» **EXERCISE DATA**:

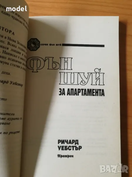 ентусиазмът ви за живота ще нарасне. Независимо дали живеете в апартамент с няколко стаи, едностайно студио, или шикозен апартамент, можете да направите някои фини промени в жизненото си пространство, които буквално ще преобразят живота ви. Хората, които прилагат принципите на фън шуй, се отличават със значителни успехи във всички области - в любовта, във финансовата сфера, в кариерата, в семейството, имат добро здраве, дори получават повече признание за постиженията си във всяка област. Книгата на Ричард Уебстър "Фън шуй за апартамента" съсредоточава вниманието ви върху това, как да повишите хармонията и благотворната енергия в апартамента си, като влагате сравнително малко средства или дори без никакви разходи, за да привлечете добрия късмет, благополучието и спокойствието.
* * *
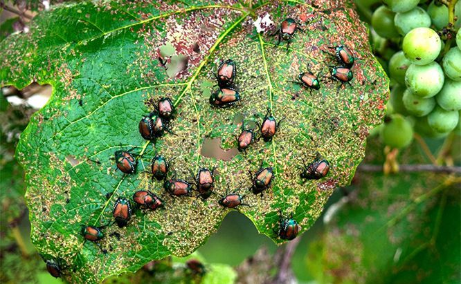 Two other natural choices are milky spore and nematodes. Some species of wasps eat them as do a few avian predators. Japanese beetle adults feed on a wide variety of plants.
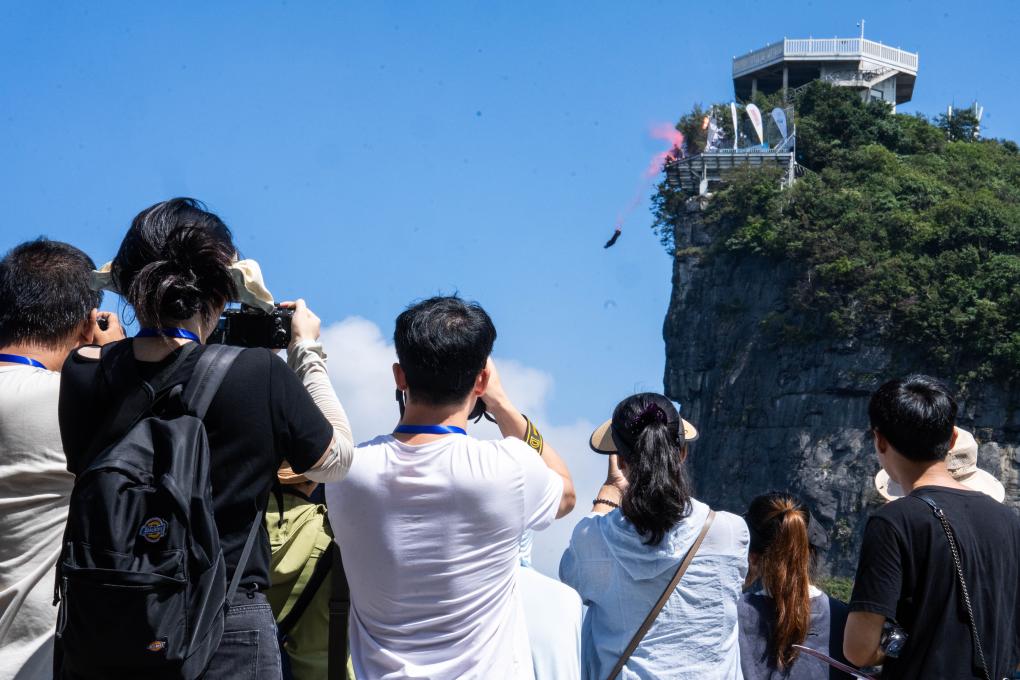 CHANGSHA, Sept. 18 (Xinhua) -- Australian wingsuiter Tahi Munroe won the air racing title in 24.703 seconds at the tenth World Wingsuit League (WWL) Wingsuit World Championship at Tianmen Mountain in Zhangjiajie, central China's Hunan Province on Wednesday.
* * *
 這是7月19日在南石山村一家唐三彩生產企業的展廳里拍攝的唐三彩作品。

» **TASK DIRECTIONS**: Using the entries above, write out exactly the lines from the one with "Two other natural" through the one with "CHANGSHA, Sept. 18", ends included. Leave out any pictures.

» **ANSWER SPACE**:
 Two other natural choices are milky spore and nematodes. Some species of wasps eat them as do a few avian predators. Japanese beetle adults feed on a wide variety of plants.
 CHANGSHA, Sept. 18 (Xinhua) -- Australian wingsuiter Tahi Munroe won the air racing title in 24.703 seconds at the tenth World Wingsuit League (WWL) Wingsuit World Championship at Tianmen Mountain in Zhangjiajie, central China's Hunan Province on Wednesday.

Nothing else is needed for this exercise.